* RECORD EXTRACTS *
----------------------------------------
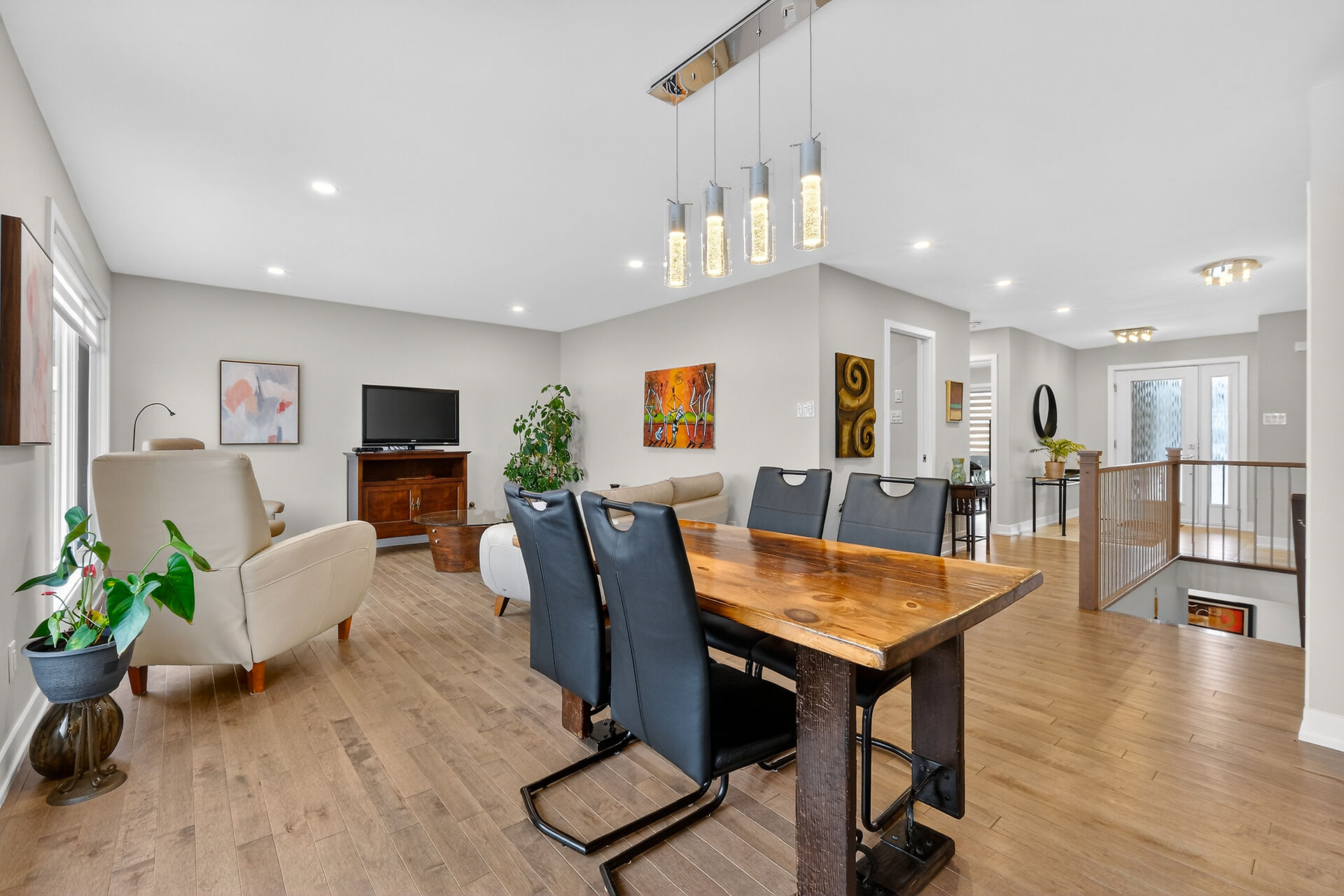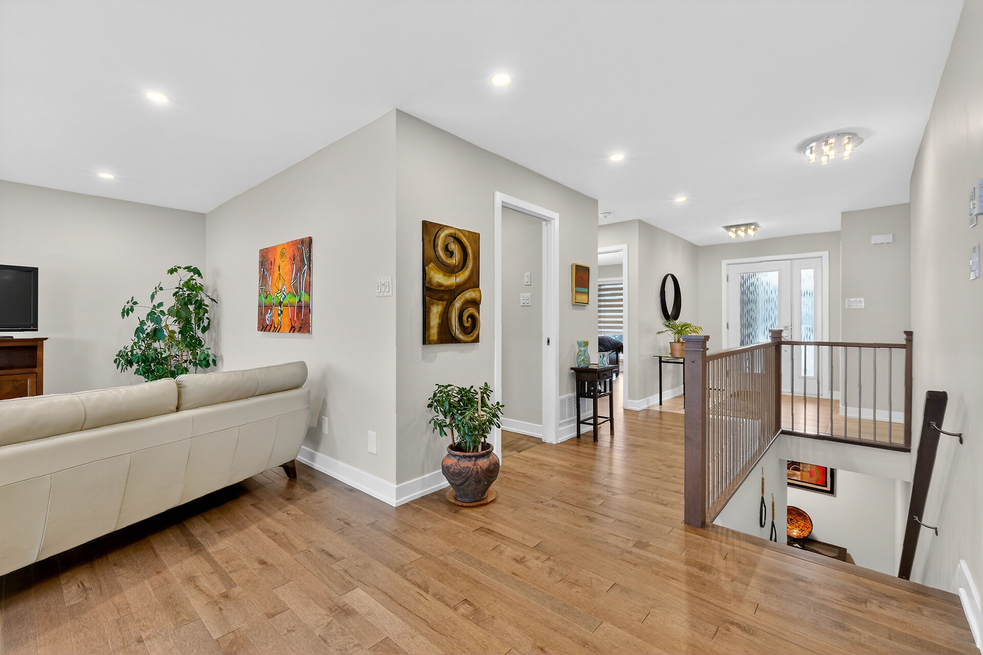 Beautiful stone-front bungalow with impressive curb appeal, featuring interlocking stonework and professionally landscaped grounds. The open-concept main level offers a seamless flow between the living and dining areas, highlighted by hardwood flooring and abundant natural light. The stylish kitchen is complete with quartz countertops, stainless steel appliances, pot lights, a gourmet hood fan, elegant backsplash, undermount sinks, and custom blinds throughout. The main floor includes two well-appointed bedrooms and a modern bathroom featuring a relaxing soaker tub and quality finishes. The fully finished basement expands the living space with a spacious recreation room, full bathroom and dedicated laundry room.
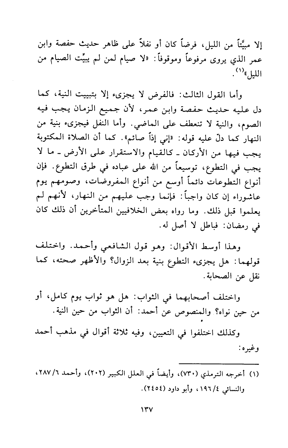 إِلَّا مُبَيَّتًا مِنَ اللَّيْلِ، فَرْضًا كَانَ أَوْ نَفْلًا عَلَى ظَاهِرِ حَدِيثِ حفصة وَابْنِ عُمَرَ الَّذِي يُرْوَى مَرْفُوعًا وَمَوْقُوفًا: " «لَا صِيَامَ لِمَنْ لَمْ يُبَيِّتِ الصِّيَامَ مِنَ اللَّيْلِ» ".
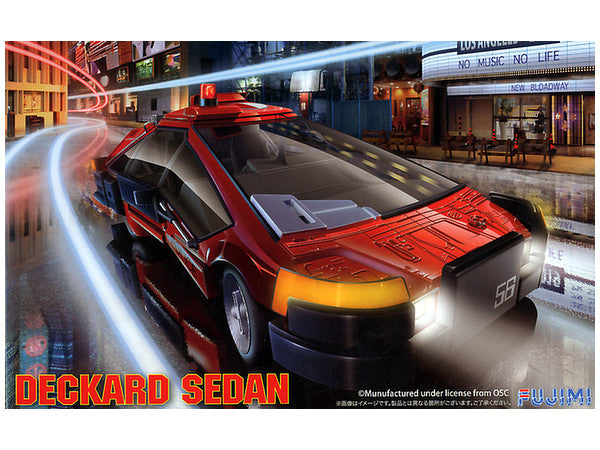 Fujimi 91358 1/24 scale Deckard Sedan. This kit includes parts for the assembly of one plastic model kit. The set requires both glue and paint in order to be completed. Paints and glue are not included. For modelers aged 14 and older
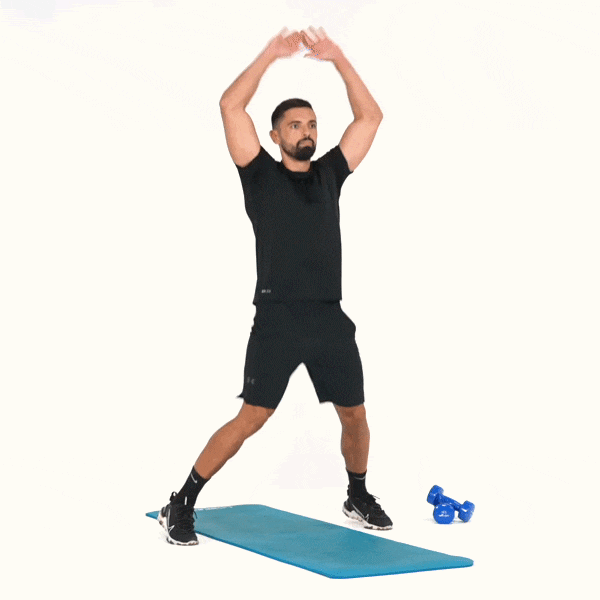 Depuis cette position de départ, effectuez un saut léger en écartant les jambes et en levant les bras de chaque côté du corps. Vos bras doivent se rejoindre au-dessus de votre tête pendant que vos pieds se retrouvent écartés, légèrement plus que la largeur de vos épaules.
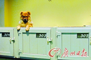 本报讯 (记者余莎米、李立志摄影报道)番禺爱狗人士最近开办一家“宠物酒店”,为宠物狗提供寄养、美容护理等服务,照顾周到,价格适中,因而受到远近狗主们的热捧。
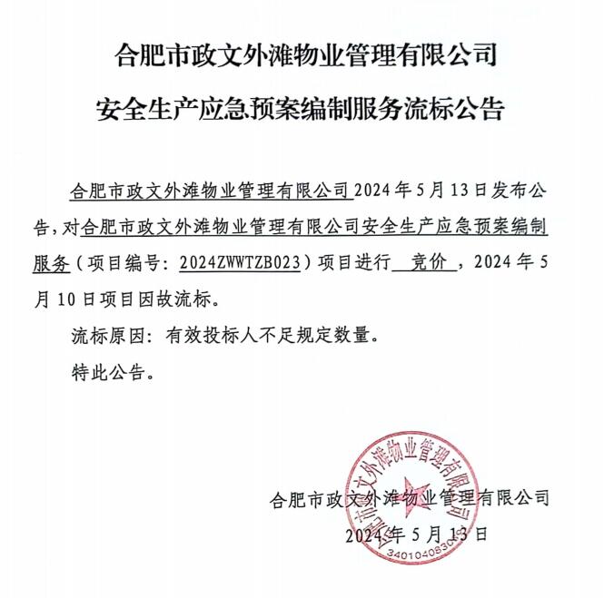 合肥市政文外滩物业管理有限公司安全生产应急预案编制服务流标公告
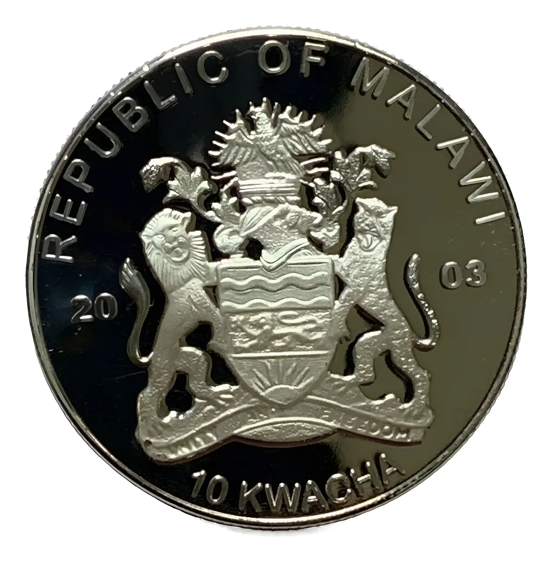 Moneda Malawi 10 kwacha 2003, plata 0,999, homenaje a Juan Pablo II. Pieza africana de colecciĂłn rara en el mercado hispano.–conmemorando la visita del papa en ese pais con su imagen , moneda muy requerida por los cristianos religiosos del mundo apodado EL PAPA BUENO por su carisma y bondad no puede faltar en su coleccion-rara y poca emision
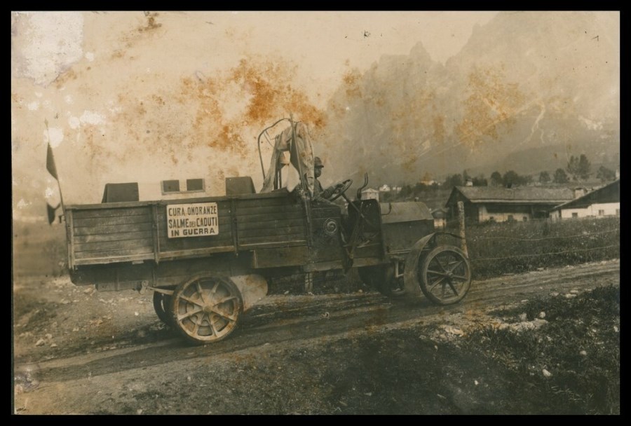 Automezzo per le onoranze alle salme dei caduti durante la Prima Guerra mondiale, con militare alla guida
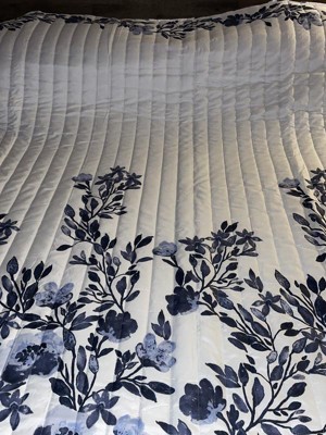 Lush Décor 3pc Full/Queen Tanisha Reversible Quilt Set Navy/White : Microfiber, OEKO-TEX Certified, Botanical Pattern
----------------------------------------
* REQUIREMENT *
With the pictures omitted, write out exactly the lines from the one that contains "合肥市政文外滩物业管理有限公司安全生产应急预案编制服务流标公告" through the final line of the material above, both ends included.

* SOLUTION BELOW *
 合肥市政文外滩物业管理有限公司安全生产应急预案编制服务流标公告
 Moneda Malawi 10 kwacha 2003, plata 0,999, homenaje a Juan Pablo II. Pieza africana de colecciĂłn rara en el mercado hispano.–conmemorando la visita del papa en ese pais con su imagen , moneda muy requerida por los cristianos religiosos del mundo apodado EL PAPA BUENO por su carisma y bondad no puede faltar en su coleccion-rara y poca emision
 Automezzo per le onoranze alle salme dei caduti durante la Prima Guerra mondiale, con militare alla guida
 Lush Décor 3pc Full/Queen Tanisha Reversible Quilt Set Navy/White : Microfiber, OEKO-TEX Certified, Botanical Pattern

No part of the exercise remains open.